Diane, you are a BRAT! lol
Carole
xxoox


----------



## marjrc

Jill, when I saw the title of this thread, I thought "She can't mean 49 HAV puppies, there must be others too!" Well. ... how sad.  I did spot a couple of other breeds in that pen of pups though. 

I can't help but feel for the dams and sires back "home". I AM glad that Rescue has these pups because otherwise, a lot of them end up in OTHER mills as money-making puppy machines so that isn't good either. :frusty: This way, these guys will get spayed/neutered (right??) before going to new homes. I just HATE the idea of any mill operator getting his/her %@%! hands on money for this though! They must make enough money elsewhere to sell some pups "at cost" or they just wouldn't. Maybe they sell more Goldens, Maltese, Beagles or Setters ....... 

Makes me sick.


----------



## cjsud

Well Obama wanted a rescue dog nows his chance.


----------



## Olliesmom

I am helping a girlfriend find a rescue HAV! Any idea how/who to get in touch with regarding the pups??? She and her family would provide an incredible life home...eace:


----------



## Brady's mom

If you goto their website, www.rescuedhavanese.com, you should be able to find their adoption application. It needs to be printed out and submitted with $25 (if I remember correctly). Once they received it, they will call them. When I applied (before Dugan came along through HRI) they contacted me very quickly.


----------



## Missy

I would sure like one of those "G" pups. so sad. But I am glad they are being fostered now.


----------



## cjsud

Does anyone know how these pups are doing? I'm hoping they have found homes and were healthy.


----------



## polomom

*rescued pups*



cjsud said:


> Does anyone know how these pups are doing? I'm hoping they have found homes and were healthy.
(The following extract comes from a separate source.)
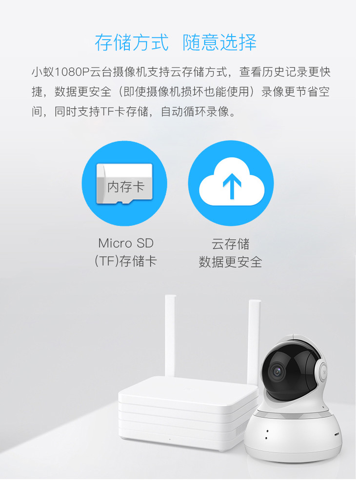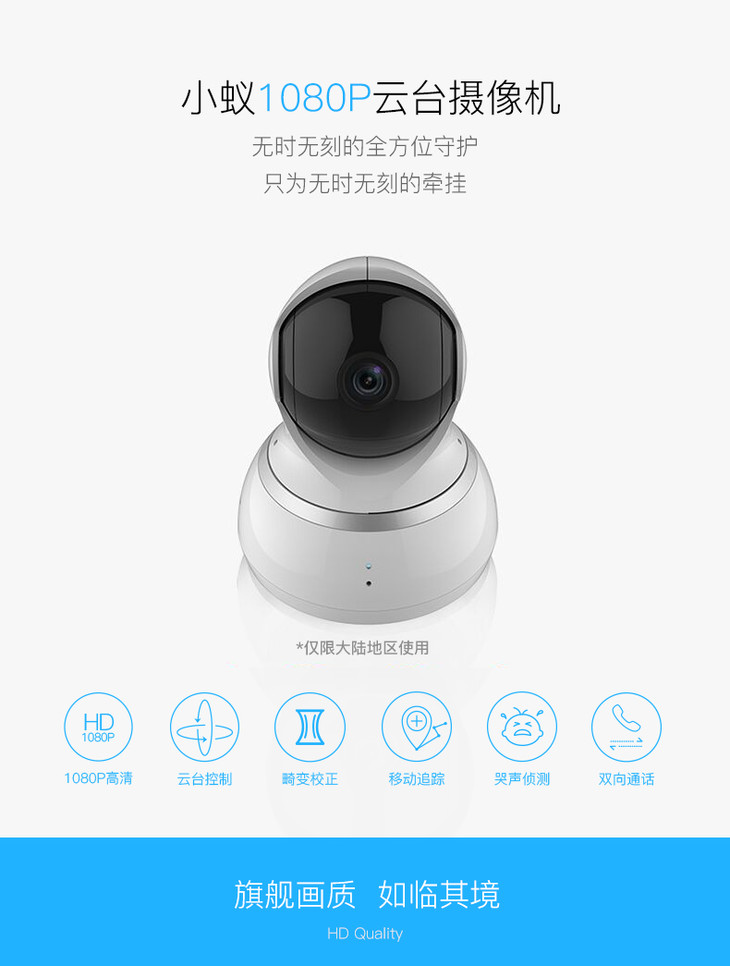- 小蚁智能摄像机——随意放置任意角落,通过手机或平板,随时随地视频观察家中情况。即使不在家,也可随时进行双向语音通话,远程与家人互动,抓拍欢乐瞬间,不错过任何精彩时刻。

I rescued two of those babies, so did my best friend. One of her furbabies went to a wonderful home last week. One of my babies leaves on Sunday. Gilbert (female, 2nd in last row of the havaneserescue website) was quite sick when I got her. She was malnourished, full of parasites and had pnuemonia. Today she is roly-poly, smart and funny. She races through the house, up and down the stairs. She *flies off the deck, frolics in the snow and wrestles with her rescue mate. She keeps up with my three dogs quite well. Recently, my doorbell and phone rings in the afternoons and its usually for "Gilbert". The grade school girls next door take her home to play ...I let her go for 10-15 minutes. She might even be cuter than my hav (shhh! don't tell my baby).
I've had the same question some others have had questioning whether getting these babies from the mills supports the millers. I don't have an answer but I do know this baby certainly would have died had she not been rescued. Several people are interested in her. She'll be a joyful addition to a good family.*


----------



## Scooter's Family

All of you who foster these sweet babies are doing such a wonderful thing! :hug: To care for them when they're sick and then love them back to good health is so great!


----------



## marjrc

That is great, great news and just made my day.


----------



## cjsud

Wow thanks for the update it's wonderful news.


----------



## carohav

How scary! Thank God the owl didn't carry her off... too scary to think about!!


----------



## Jill in Mich

Thanks for the update Sophie and thanks for taking care of two of these pups. I too have mixed feelings about buying dogs at auctions to save them.....until I hear an individual's sad start and wonderful success story.....and then there's no doubt saving them is the right thing to do. Thanks again!


----------